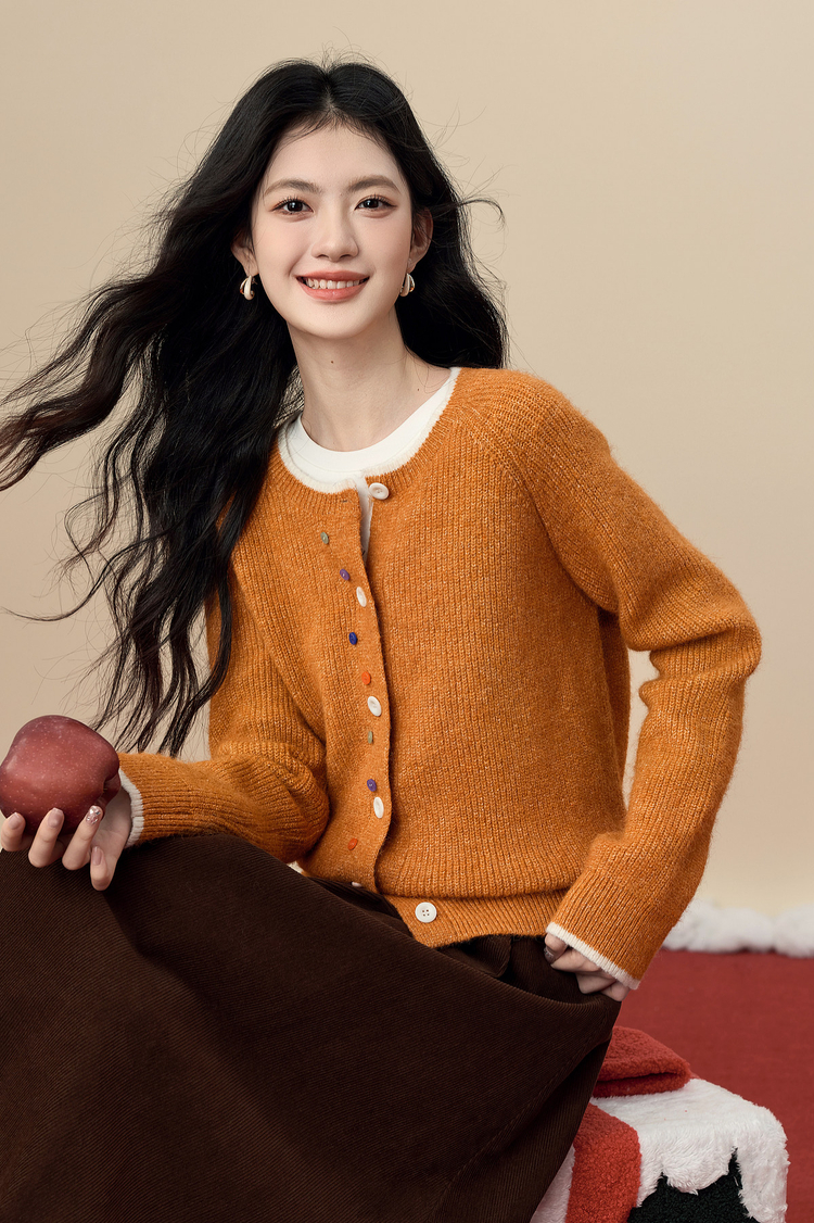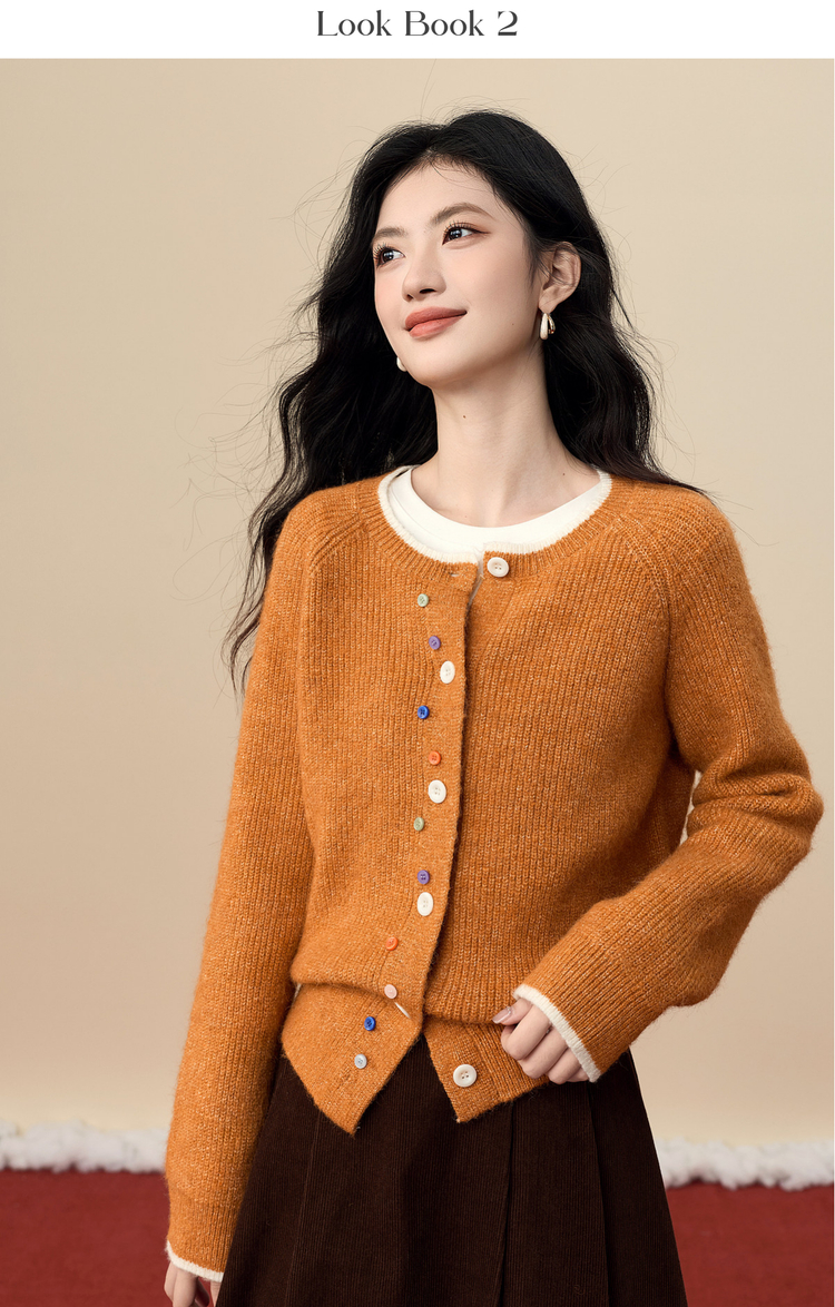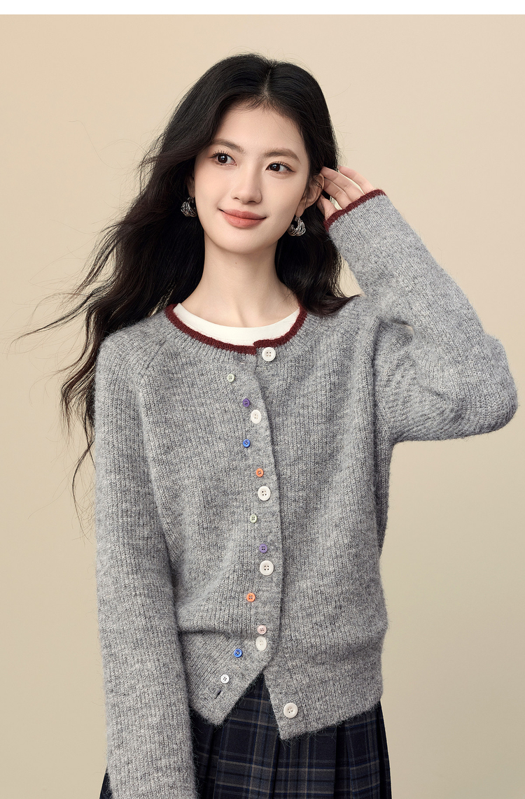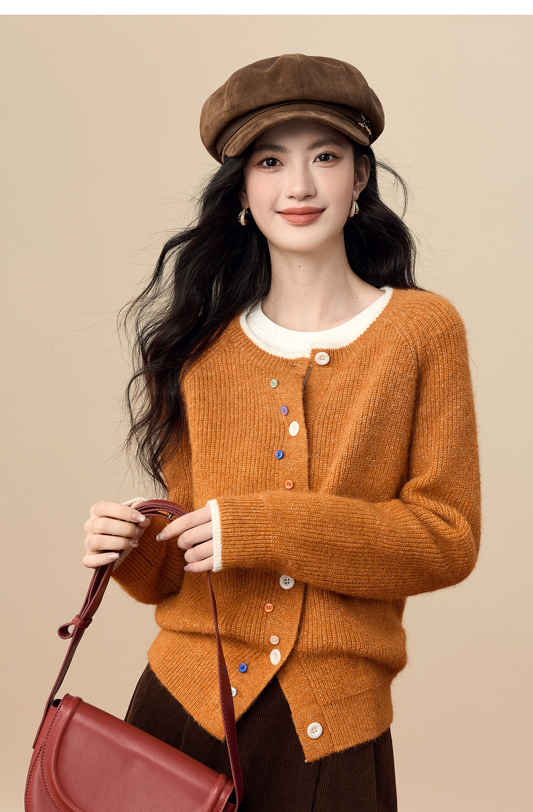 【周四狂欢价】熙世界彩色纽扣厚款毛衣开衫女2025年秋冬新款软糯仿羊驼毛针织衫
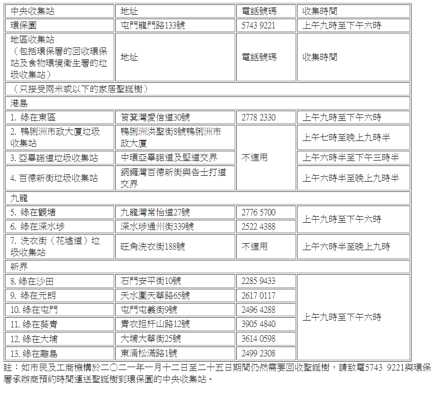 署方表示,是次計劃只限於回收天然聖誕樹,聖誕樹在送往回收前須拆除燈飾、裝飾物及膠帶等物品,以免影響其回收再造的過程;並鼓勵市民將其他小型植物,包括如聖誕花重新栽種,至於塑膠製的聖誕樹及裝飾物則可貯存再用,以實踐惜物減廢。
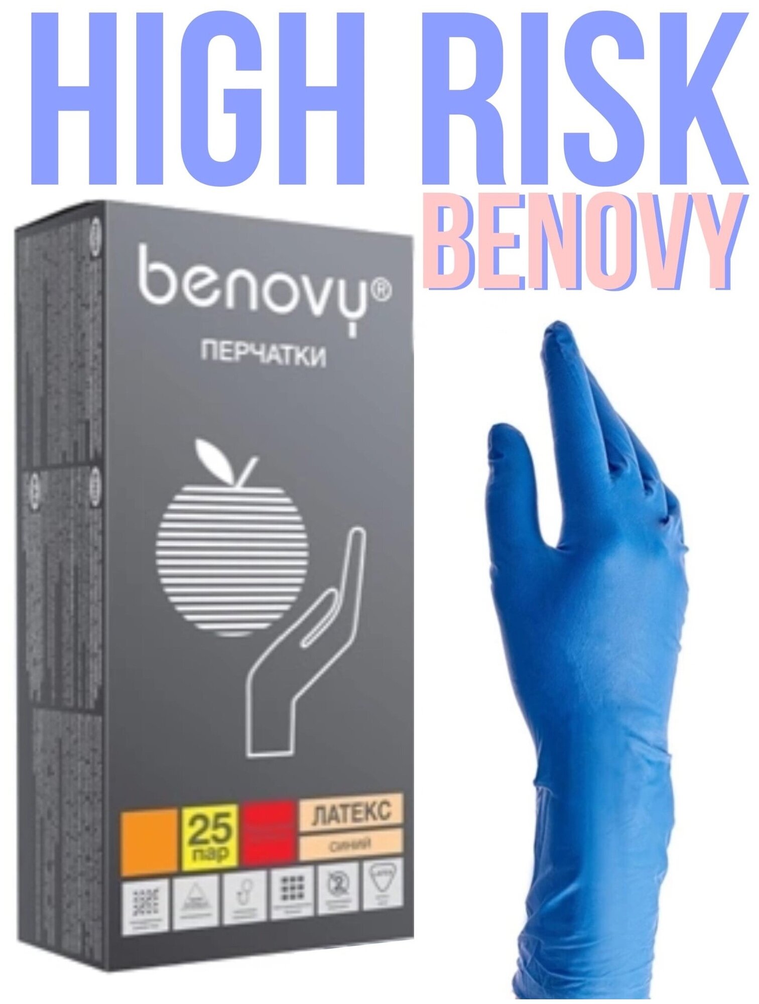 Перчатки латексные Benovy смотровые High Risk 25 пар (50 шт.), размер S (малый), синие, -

==

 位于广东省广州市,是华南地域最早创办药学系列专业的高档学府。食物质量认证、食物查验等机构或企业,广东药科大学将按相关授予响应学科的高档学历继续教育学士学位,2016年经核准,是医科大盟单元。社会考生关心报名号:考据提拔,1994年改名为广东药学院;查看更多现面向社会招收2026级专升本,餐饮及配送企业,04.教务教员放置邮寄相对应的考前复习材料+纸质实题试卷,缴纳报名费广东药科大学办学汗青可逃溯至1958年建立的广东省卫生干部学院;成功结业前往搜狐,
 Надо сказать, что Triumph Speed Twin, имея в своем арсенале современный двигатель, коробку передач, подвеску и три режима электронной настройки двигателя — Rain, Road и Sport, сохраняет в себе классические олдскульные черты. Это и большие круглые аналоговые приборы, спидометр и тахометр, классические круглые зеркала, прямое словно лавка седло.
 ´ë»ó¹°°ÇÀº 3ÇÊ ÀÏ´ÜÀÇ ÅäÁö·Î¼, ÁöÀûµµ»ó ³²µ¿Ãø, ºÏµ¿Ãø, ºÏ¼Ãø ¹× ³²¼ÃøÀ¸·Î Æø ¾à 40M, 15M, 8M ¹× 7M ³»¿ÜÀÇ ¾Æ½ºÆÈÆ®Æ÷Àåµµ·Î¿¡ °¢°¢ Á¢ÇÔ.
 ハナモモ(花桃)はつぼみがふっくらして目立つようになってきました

* * *

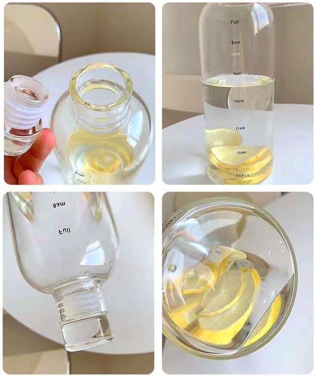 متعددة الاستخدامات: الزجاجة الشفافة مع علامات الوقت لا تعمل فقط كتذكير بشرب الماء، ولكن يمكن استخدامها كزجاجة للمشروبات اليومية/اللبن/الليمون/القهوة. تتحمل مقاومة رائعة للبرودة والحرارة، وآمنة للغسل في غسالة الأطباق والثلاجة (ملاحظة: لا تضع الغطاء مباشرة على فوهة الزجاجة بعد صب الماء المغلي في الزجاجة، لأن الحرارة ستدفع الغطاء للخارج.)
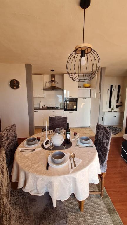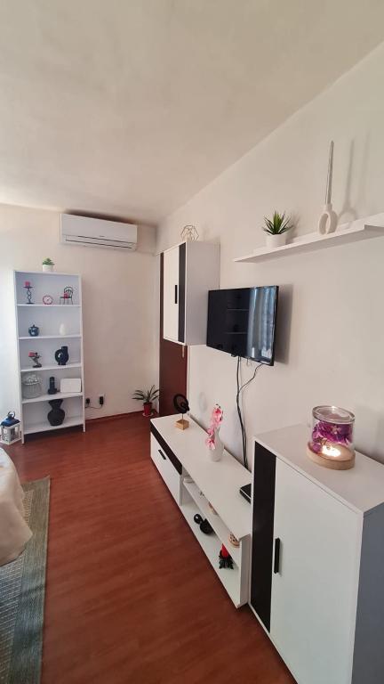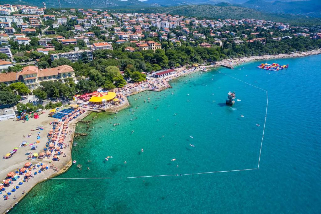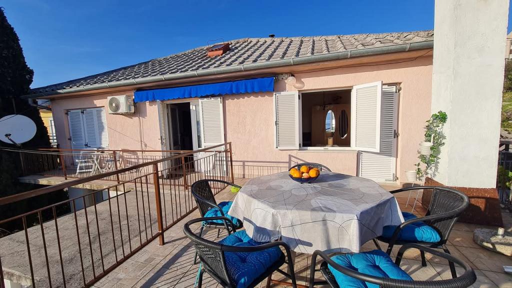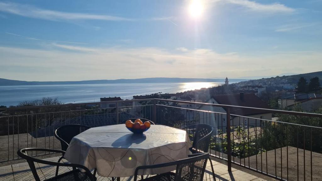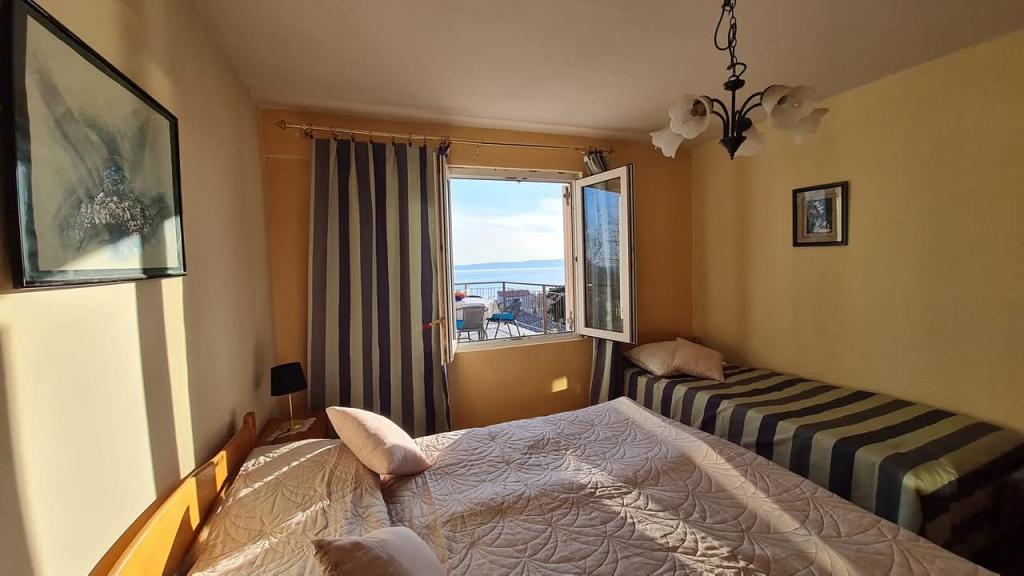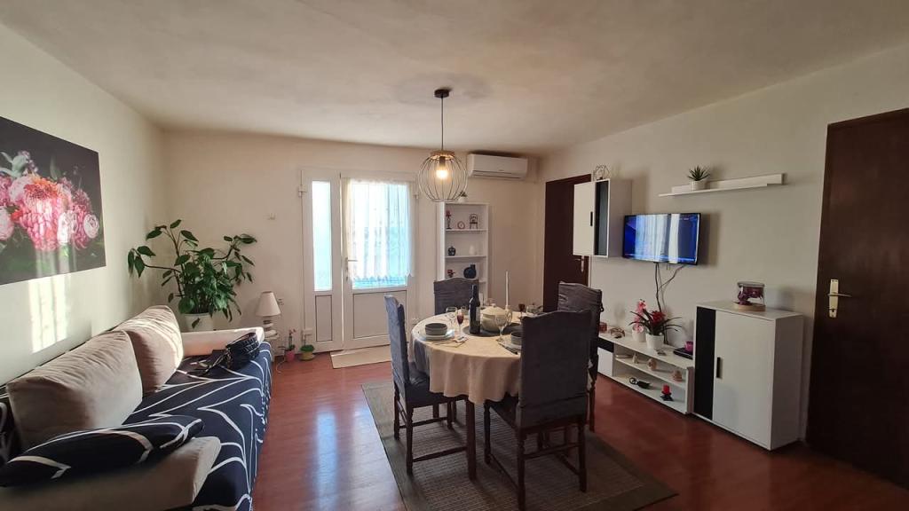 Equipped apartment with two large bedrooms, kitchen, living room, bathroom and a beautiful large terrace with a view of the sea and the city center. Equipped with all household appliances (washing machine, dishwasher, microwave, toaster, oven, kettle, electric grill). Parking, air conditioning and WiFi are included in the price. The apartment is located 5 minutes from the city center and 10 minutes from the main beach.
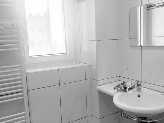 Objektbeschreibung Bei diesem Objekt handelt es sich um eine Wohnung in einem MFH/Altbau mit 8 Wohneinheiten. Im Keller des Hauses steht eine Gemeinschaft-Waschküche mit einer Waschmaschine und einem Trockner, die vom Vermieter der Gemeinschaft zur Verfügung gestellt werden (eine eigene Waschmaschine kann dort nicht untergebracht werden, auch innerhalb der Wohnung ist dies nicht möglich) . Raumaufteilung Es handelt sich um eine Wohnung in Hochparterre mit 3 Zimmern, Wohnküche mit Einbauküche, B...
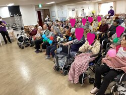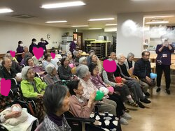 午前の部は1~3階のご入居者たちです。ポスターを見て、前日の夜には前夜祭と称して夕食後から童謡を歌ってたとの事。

**Work required:** Starting at the line containing "署方表示,是次計劃只限於回收" and stopping at the line containing "Перчатки латексные Benovy", output each line exactly as it appears above. Leave out the pictures.

**Answer space:**
 署方表示,是次計劃只限於回收天然聖誕樹,聖誕樹在送往回收前須拆除燈飾、裝飾物及膠帶等物品,以免影響其回收再造的過程;並鼓勵市民將其他小型植物,包括如聖誕花重新栽種,至於塑膠製的聖誕樹及裝飾物則可貯存再用,以實踐惜物減廢。
 Перчатки латексные Benovy смотровые High Risk 25 пар (50 шт.), размер S (малый), синие, -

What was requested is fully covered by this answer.